Deadlock on Query during parallel tests

Hello,

Since Dgraph 1.1.1 and also with Dgraph 1.2.0rc1, several go routines of my parallel tests regularly get stuck at txn.Query()
At the deepest of the stack, they stuck at grpc/internal/transport.(*Stream).waitOnHeader()

I have no clue why it happens, and it is hard to give you a simple example to reproduce the lock.
What could cause that? How can I get debug info about it?

Thanks.

Another info: Some other routines are locked on a short (4sec) time.Sleep()
With my Goland IDE, if I pause the debugger, then put a breakpoint just after one of these time.Sleep(), then resume execution, then it never reaches the breakpoint!
How could that be possible?

Could you share the logs for alpha(s), that’d help.

Thank you for the logs, I am looking into this issue. It is possible that alpha is stuck and not responding to queries. I will keep you posted with the progress.

1 Like

Are you using GraphQL endpoint by any chance?
I see an error log though that seems unrelated. We are looking into that in any case.
The logs are of around 1 min. I can see that an alter request is issued which would block normal reads. Are you still not able to query anything on the cluster?

I don’t use the graphql endpoint.
The alter request is because I set the schema at the beginning, I suppose.

My program is stuck when it happens. But I could try querying from ratel. I don’t have a cluster, only one instance.

I won’t be able to do any tests shortly as I’m out and it’s night here.

I confirm I can run ratel queries and get responses during the deadlock.

That means, alpha is doing fine. Either something is off with the network, or there is an issue in your code. Happy to look at your code if it is possible for you to share it.

When some txn.Query() are locked, if I run their queries by hand on ratel it works.
But how could my code be responsible of txn.Query() being stuck?

When the deadlock appears, alpha logs lots of

13436 admin.go:214] Error processing GraphQL schema: input:1: Unexpected Name "_STAR_ALL"

multiple times per seconds.
What does it mean?

That’s not related and I think this warning has been fixed in the latest master.

Could you try with latest master and let us know whether you are still seeing this issue.
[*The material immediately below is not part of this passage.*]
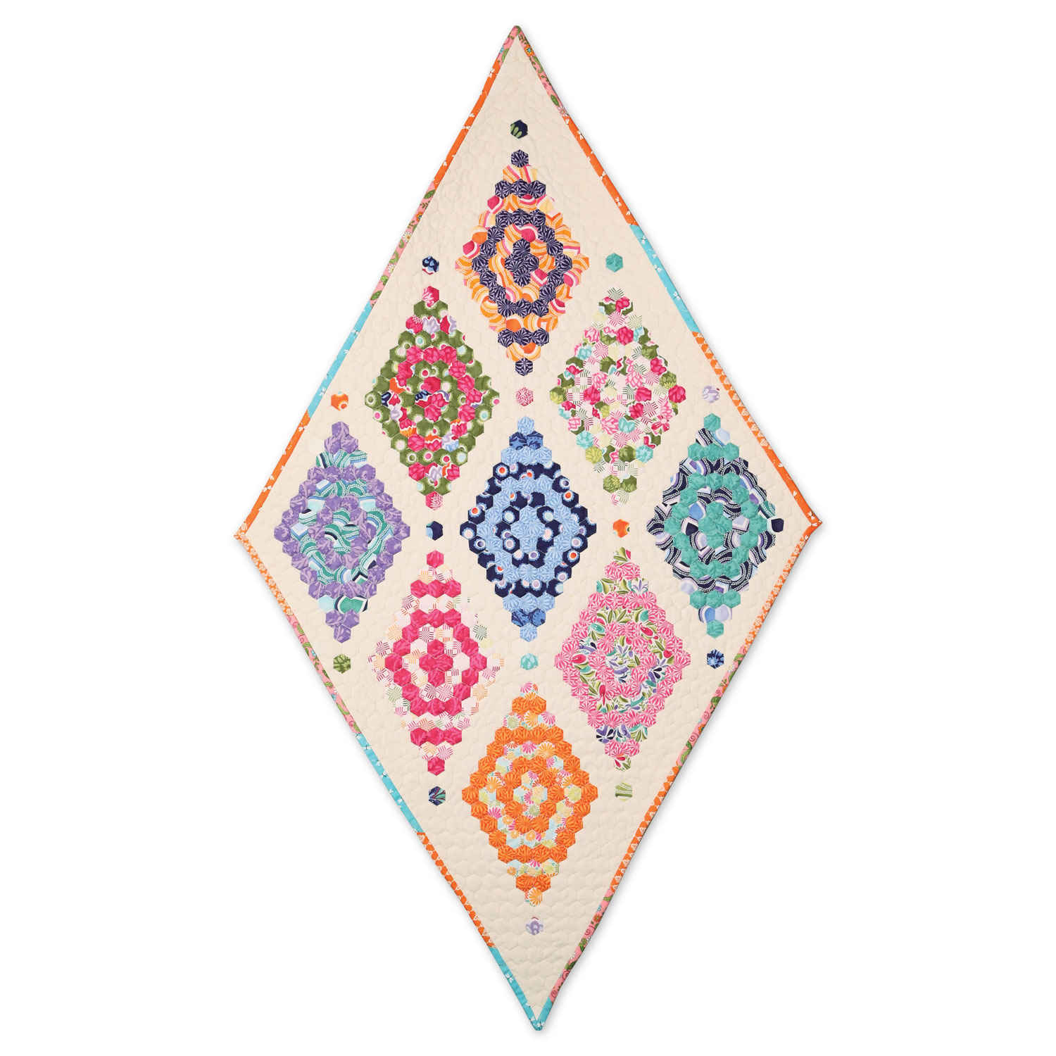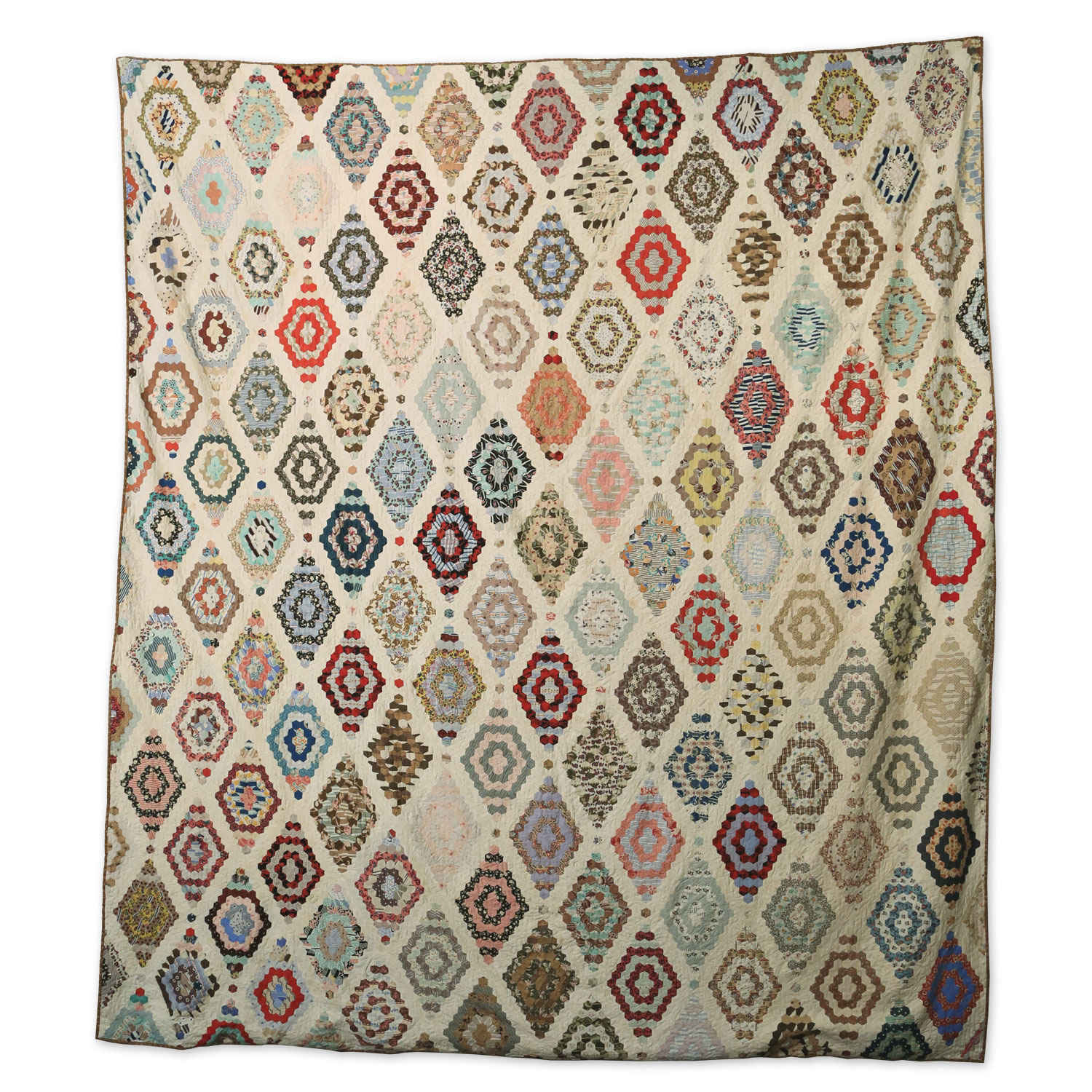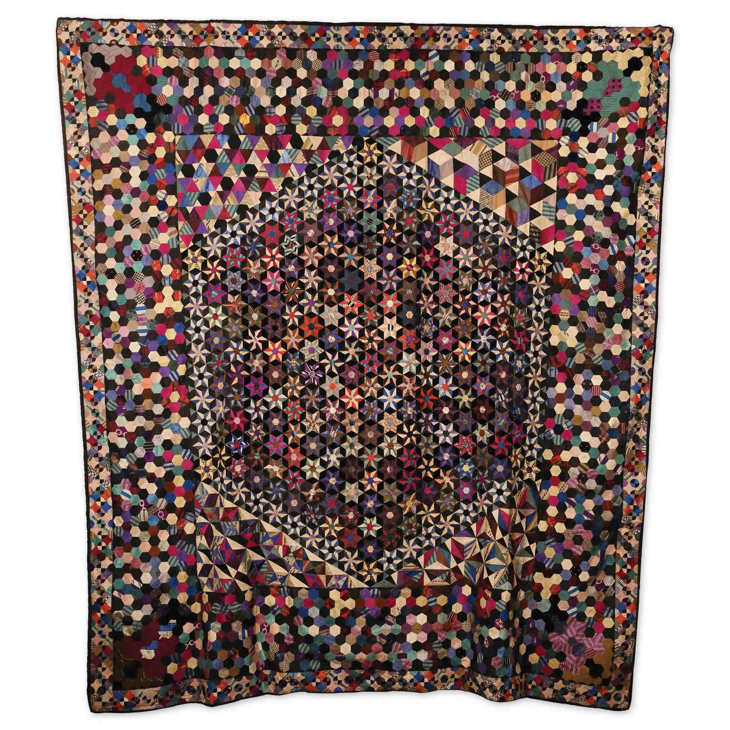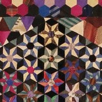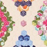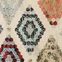 Mosaic paper piecing dates back to the late 1700’s. This lovely English quilt shows one of the various ways small hexagons can be arranged. This is not your 1930’s grandmother’s flower garden!

Thanks

Just tried with master but still get stuck.

Maybe dGraph is not involved as when it happens EVERY routines are stuck.
If I set a debugger breakpoint at the next instruction of any routine, it is never reached.
I have one CPU at 100%.

I tried to run dgraph alpha source code as a project in my IDE, run in debug mode and then pause the program when it happens, and the result is the CPU activity stopping. So it looks like related to my client AND dGraph alpha.
Doing the same with dGraph zero didn’t not paused the CPU activity.

I narrowed down the problem to an upsert request that sometimes causes the lock:

Query:
{
	no_games as var(func:type(Word)) @filter(NOT has(~word))

	few_games as var(func:le(count(~word), 20)) {
		games1 as count(~word)
		~word {
			overlap as count(word_overlap)
			date as count(finished_at)
		}
		overlaps1 as sum(val(overlap))
		dates as sum(val(date))
		overlaps2 as math(cond(dates == 0, 10, cond(overlaps1 == 0, 0.5, overlaps1)))
		games2 as math(cond(games1 == 0, 0.1, 1.0*games1))
		few_games_score as math(overlaps2/(games2*games2))
	}

	old_scores as var(func:ge(recent_weight, 0)) @filter(NOT uid(no_games, few_games))
}
Mutations: [
	set_json:"{\"uid\":\"uid(no_games)\",\"recent_weight\":\"100\"}"
	set_json:"{\"uid\":\"uid(few_games)\",\"recent_weight\":\"val(few_games_score)\"}"
	delete_json:"{\"uid\":\"uid(old_scores)\",\"recent_weight\":null}"
]

Removing second set_json prevents the lock: {"uid":"uid(few_games)","recent_weight":"val(few_games_score)"}"

Note that the lock doesn’t happen on that request but a few seconds later even if it seems to be that request that implies the lock.

I also tried to split this upsert into individual query, mutation and mutate delete operations, in a single transaction or in individual transactions but without success.

New info: The lock is related to the recent_weight predicate which is defined like that:

recent_weight:	 		float			@index(float)			.

And when I query it with an orderdesc in a big query including:

word_0_0 as var(func: ge(recent_weight, 0), first: 8, orderdesc: recent_weight) @filter(((NOT uid("0x51a9","0x51ad","0x3580b8","0x358527")) AND NOT uid("0x51bc","0x51af")))

If I remove the orderdesc, I don’t have any more lock.

Is it possible for you to provide a sequence of steps to reproduce the issue along with example dataset if possible? I tried with your query and a simple dataset. Worked fine for me here. Happy to look into the issue further then. Thanks for trying to figure it out.